[Dataset records]

◇ ◇ ◇ ◇ ◇

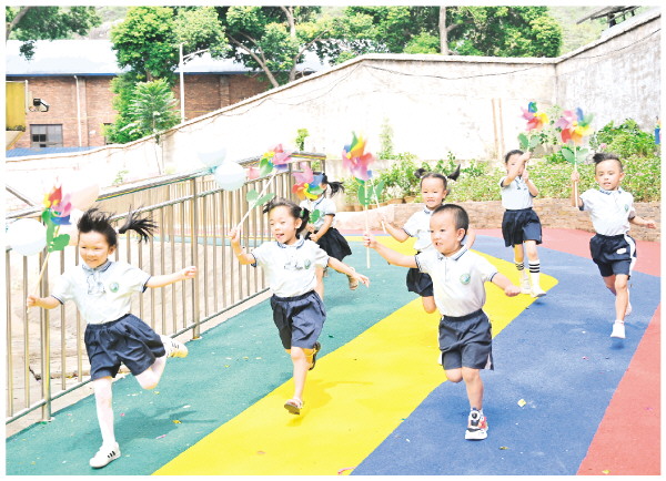 8月31日上午,桂林市机关第二幼儿园的孩子们奔跑在爱心人士捐赠的彩虹跑道上。当天,市机关事务管理局领导、爱心人士、老师和孩子们一同参加彩虹爱心跑道快乐奔跑活动,希望小朋友们通过活动启迪心智,强健体魄,奔向绚丽多彩的明天。
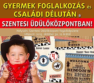 2015. október 30-án Gyermekfoglalkozásra és családi délutánra várnak minden érdeklődőt a Szentesi Üdülőközpontba, ahol az origami és kézműves foglalkozások mellett Vadnyugati Játékok várják a családokat.
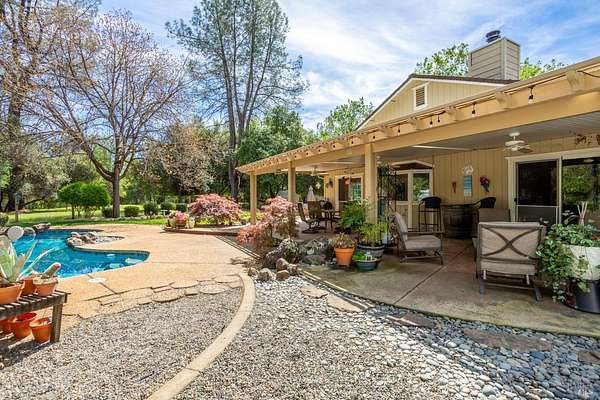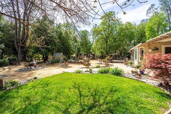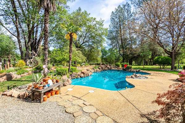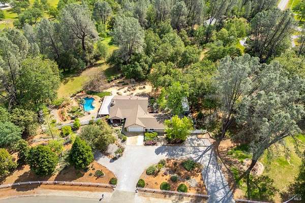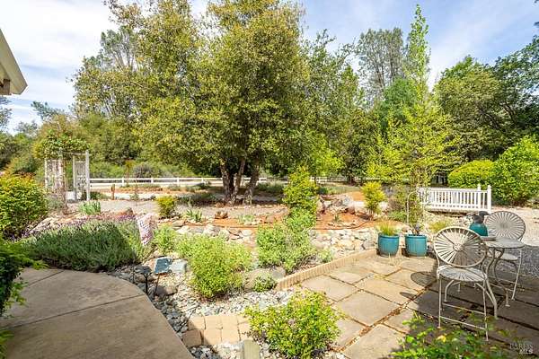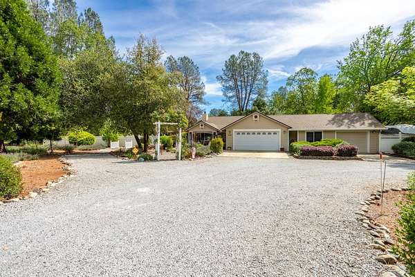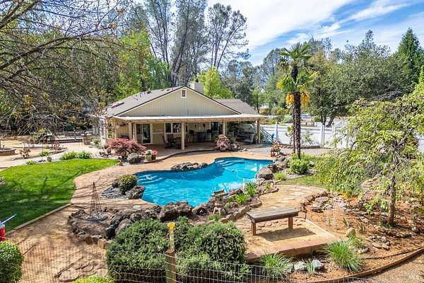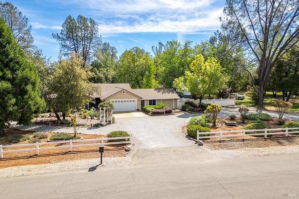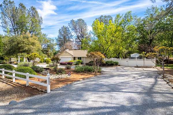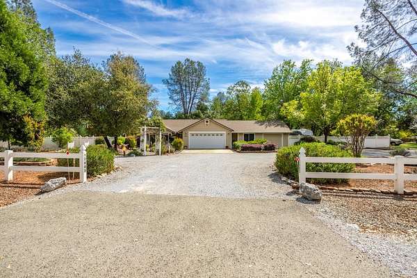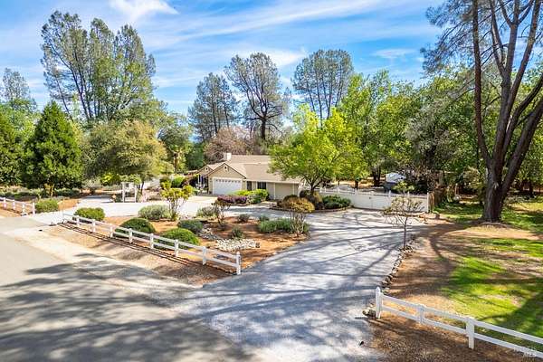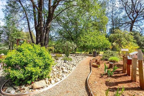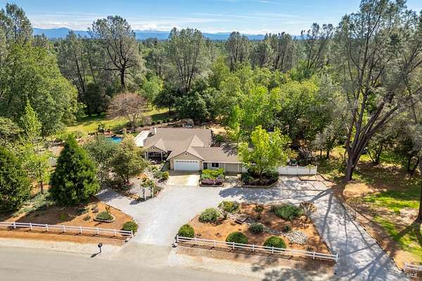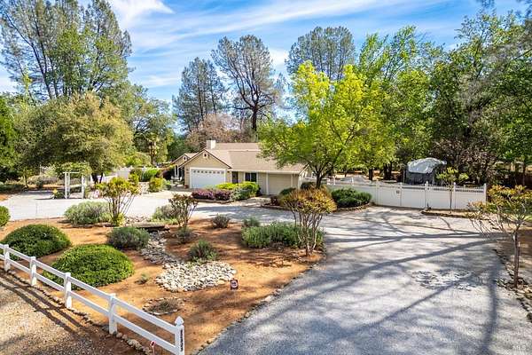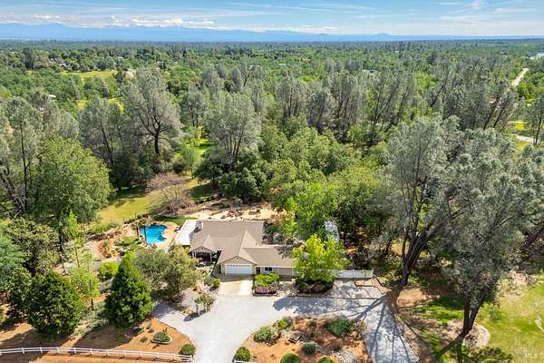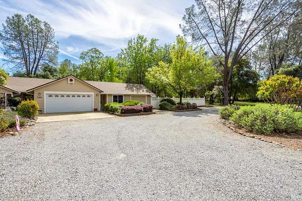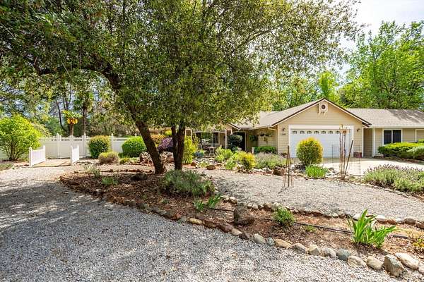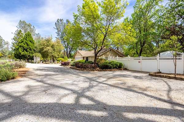 Rare 2 parcel 6 acre property in Whispering Oaks Subdivision, Welcome to a private mountain-garden sanctuary set on over 6 acres of picturesque Northern California landscape, where refined country living meets natural beauty and everyday convenience. Surrounded by majestic oak and pine trees, a seasonal creek, and wide-open skies, this exceptional property offers a peaceful retreat just minutes from lakes, rivers, hiking trails, and endless outdoor recreation. Designed in a classic California ranch style with charming cottage influences, this single-story home offers a warm and inviting layout complemented by a dedicated workshop and additional craft/sewing roomideal for creativity, hobbies, or additional flex space. Expansive windows invite natural light while framing serene views and a year-round wildlife corridor where deer and waterfowl frequently pass through. The grounds are thoughtfully designed for both function and enjoyment. A fully fenced interior yard includes a greenhouse for early planting, garden storage building, full woodshed, raised vegetable beds, and a large fenced chicken area allowing for true farm-to-table living. Native landscaping and drip irrigation systems in both front and back ensure sustainability and ease of maintenance, while seasonal highlights include fresh blueberries in the spring and figs in the summer. Outdoor living is elevated with a resurfaced swimming pool (Spring 2026), a covered patio perfect for warm summer days, and a charming stone firepit for cozy evenings under the stars. The property also offers ample space for boat and RV parking, adding to its versatility. Set on a quiet, tree-lined street with classic farm-style fencing and a welcoming circular driveway, this home delivers both privacy and accessibilityjust 15 minutes from city conveniences including shopping, dining, and healthcare. A rare opportunity to experience the best of Northern California livingwhere space, nature, and lifestyle come together in perfect harmony.
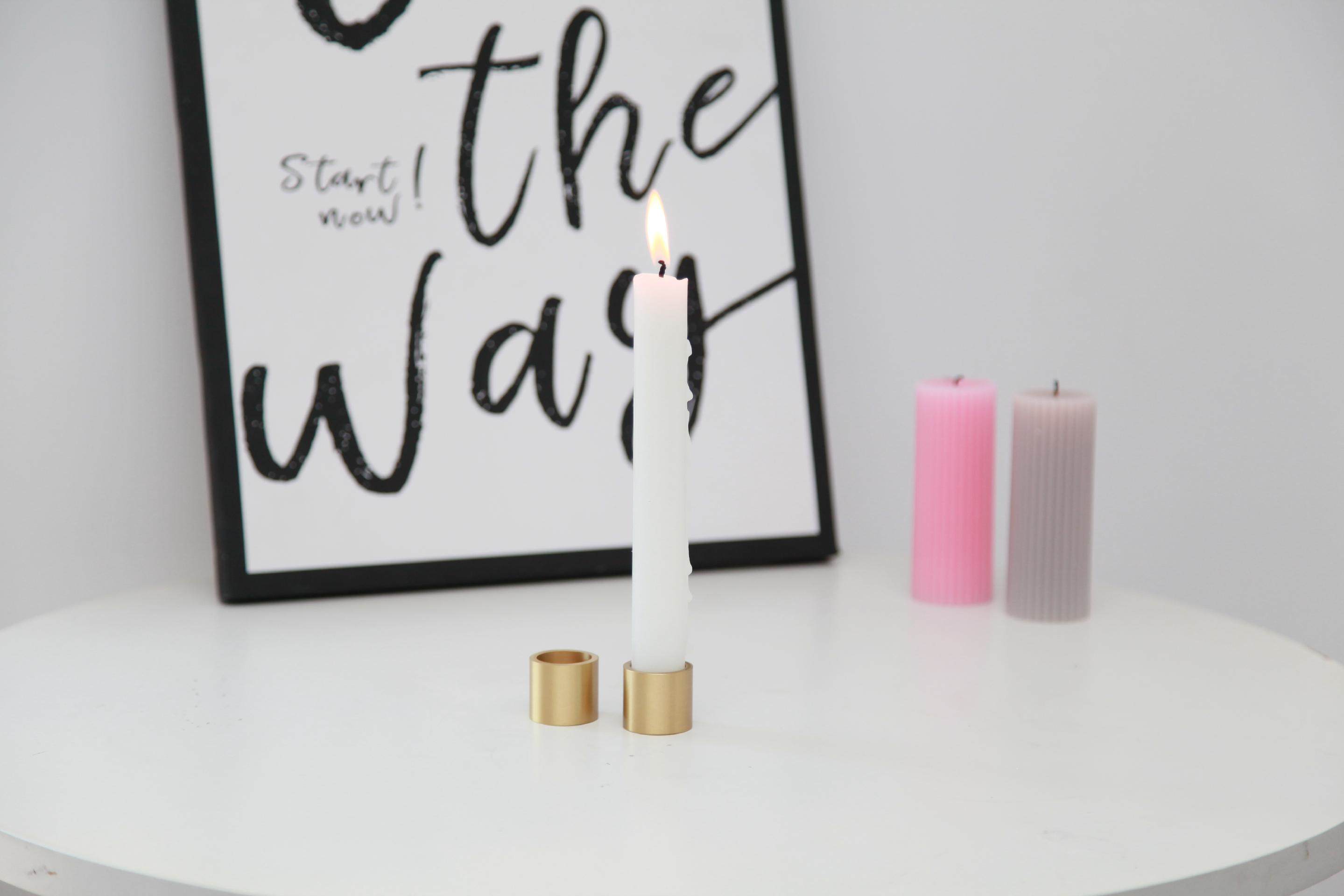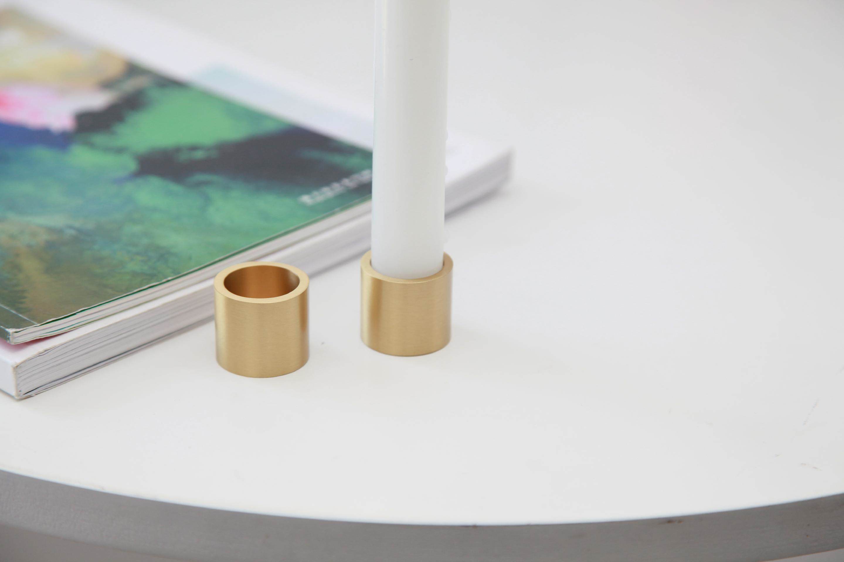 Maxery Brass Candle Holder Hand Cast Solid Brass, Modern Rustic Table Centerpiece
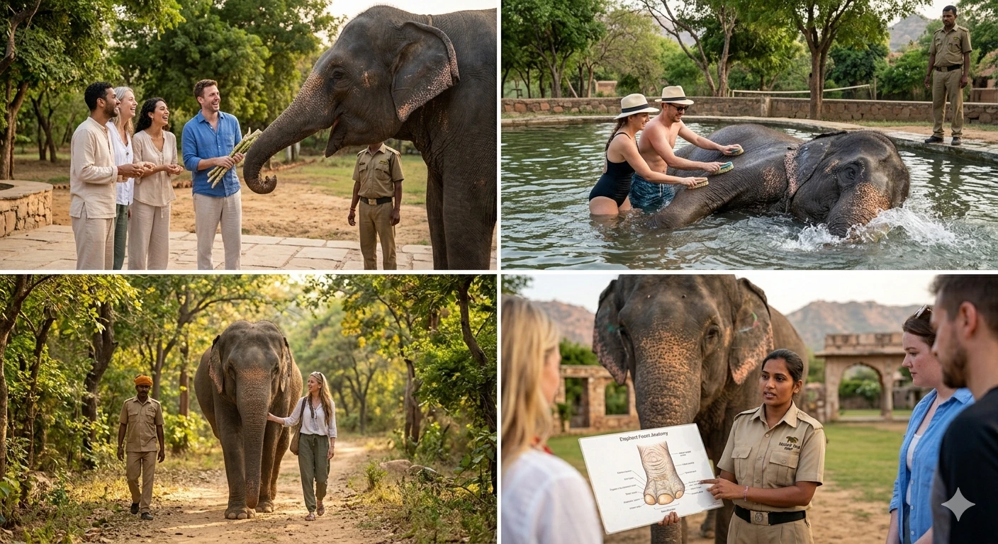 Visiting an elephant park in Jaipur is more than just sightseeing it’s about connection, learning, and respect. Here are some popular activities:
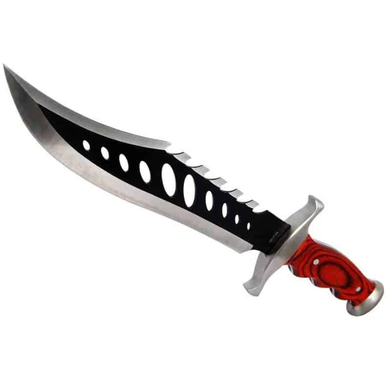 *Peso: 439 g *Cor: Inox *Cabo: Aço e Madeira *Dimensões da Faca: 38 cm (comprimento) x 5 cm (largura) *Dimensões da Bainha: 38 cm (comprimento) x 9 cm (largura) *Espessura da Lâmina: 3 mm *Comprimento da Lâmina: 24 cm *Material do Cabo: Aço *Material da Lâmina: Aço inox com tratamento térmico de excelência, garantindo um corte excepcional e leveza.

◇ ◇ ◇ ◇ ◇

→ Activity: Retype the records above word for word, from their first line through the line containing "2015. október 30-án", and leave out every picture.

→ Expected answer:
 8月31日上午,桂林市机关第二幼儿园的孩子们奔跑在爱心人士捐赠的彩虹跑道上。当天,市机关事务管理局领导、爱心人士、老师和孩子们一同参加彩虹爱心跑道快乐奔跑活动,希望小朋友们通过活动启迪心智,强健体魄,奔向绚丽多彩的明天。
 2015. október 30-án Gyermekfoglalkozásra és családi délutánra várnak minden érdeklődőt a Szentesi Üdülőközpontba, ahol az origami és kézműves foglalkozások mellett Vadnyugati Játékok várják a családokat.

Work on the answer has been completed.